Tiwari Atul
Jubilant Biosys Ltd, Drug Discovery Unit, Metabolic Disorder Lab, 96, 2nd Stage, Industrial Suburb, Yeshwantpur, Bangalore, Karnatka, 560022, India.
Curr Opin Investig Drugs. 2010 Apr;11(4):385-93.
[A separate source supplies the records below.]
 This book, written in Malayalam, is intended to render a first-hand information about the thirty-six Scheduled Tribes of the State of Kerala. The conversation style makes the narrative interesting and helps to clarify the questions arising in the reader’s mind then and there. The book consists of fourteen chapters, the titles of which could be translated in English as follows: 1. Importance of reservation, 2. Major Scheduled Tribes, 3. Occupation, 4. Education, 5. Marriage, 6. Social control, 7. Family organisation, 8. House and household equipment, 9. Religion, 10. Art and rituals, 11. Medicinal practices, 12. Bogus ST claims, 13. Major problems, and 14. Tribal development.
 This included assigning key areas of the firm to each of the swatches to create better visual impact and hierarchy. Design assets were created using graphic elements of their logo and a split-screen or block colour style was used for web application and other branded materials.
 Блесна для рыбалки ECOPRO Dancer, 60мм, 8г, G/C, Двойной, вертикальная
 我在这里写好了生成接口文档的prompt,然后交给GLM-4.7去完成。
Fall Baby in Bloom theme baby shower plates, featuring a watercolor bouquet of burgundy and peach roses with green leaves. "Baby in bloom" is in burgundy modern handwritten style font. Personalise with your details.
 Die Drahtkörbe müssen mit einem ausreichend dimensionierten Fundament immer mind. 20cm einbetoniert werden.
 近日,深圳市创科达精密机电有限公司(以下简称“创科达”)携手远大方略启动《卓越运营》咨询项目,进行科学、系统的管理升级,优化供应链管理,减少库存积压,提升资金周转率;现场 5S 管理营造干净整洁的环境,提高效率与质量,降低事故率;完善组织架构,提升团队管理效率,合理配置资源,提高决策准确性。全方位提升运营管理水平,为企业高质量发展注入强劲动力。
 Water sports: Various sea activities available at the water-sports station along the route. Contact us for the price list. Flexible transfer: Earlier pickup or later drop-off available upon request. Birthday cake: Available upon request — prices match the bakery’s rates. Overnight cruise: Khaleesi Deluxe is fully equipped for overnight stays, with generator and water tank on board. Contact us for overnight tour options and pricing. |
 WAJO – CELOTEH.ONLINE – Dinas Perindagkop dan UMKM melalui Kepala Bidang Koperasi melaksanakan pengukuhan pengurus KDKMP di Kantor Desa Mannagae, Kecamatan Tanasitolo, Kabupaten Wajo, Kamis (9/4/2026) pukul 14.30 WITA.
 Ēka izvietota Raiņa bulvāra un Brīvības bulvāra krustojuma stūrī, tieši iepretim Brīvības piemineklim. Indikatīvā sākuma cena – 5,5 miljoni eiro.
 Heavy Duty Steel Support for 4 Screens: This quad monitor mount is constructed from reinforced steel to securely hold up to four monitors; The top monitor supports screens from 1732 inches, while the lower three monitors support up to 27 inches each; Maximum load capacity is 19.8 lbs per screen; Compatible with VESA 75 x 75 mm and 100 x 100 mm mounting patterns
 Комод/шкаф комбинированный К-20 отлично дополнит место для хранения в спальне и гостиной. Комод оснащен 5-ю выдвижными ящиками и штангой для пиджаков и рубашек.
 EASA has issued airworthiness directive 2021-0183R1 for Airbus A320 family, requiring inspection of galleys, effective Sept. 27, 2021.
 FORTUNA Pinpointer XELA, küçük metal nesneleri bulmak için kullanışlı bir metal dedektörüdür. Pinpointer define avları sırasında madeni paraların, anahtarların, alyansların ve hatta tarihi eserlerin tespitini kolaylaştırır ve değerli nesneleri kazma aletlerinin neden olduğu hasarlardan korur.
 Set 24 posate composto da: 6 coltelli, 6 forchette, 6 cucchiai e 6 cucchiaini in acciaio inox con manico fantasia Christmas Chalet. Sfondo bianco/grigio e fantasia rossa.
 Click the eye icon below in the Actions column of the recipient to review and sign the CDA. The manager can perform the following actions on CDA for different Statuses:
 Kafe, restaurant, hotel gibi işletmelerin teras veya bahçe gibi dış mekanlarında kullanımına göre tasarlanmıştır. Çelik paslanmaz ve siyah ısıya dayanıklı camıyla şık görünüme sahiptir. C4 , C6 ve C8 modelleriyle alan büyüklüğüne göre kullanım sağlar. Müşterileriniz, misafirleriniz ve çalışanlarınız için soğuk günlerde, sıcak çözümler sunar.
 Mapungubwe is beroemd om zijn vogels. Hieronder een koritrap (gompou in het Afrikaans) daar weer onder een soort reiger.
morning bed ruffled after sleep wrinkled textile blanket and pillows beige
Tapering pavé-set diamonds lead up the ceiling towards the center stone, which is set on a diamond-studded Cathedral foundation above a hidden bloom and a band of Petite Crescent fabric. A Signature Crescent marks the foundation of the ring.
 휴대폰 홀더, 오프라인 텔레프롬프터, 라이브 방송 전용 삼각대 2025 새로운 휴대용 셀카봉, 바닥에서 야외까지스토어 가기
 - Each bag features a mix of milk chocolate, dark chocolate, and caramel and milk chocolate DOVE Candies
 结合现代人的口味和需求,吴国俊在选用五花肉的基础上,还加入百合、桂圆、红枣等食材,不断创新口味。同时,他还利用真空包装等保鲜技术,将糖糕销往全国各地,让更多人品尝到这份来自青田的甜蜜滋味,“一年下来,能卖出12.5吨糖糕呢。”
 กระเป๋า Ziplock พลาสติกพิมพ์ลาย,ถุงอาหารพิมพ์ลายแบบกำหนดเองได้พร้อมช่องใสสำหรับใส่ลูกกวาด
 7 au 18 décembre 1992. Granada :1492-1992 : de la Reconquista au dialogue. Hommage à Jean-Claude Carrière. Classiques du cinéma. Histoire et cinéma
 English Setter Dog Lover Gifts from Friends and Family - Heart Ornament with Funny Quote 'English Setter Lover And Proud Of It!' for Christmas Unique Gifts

A new role for fatty acids as endocrine regulators of lipid and carbohydrate metabolism through the activation of their cognate receptors, GPCRs, has been discovered during the past decade. GPR43 is a GPCR that has been implicated in the regulation of fatty-acid and glucose homeostasis in adipose tissue and the intestines, thus having potential therapeutic relevance in the treatment of type 2 diabetes, insulin resistance and obesity. Ongoing drug discovery efforts are focused toward the development of a novel, potent and selective orthosteric or allosteric modulator that acts as an agonist for GPR43. This review summarizes data supporting a role for GPR43 in the pharmacological management of metabolic disorders.
在过去十年中,人们发现了脂肪酸作为脂质和碳水化合物代谢的内分泌调节剂的新作用,其通过激活同源受体G蛋白偶联受体(GPCR)来实现。GPR43是一种GPCR,与脂肪组织和肠道中脂肪酸和葡萄糖稳态的调节有关,因此在2型糖尿病、胰岛素抵抗和肥胖症的治疗中具有潜在的治疗意义。正在进行的药物研发工作集中在开发一种新型、强效且选择性的正构或变构调节剂,作为GPR43的激动剂。本综述总结了支持GPR43在代谢紊乱药物治疗中作用的数据。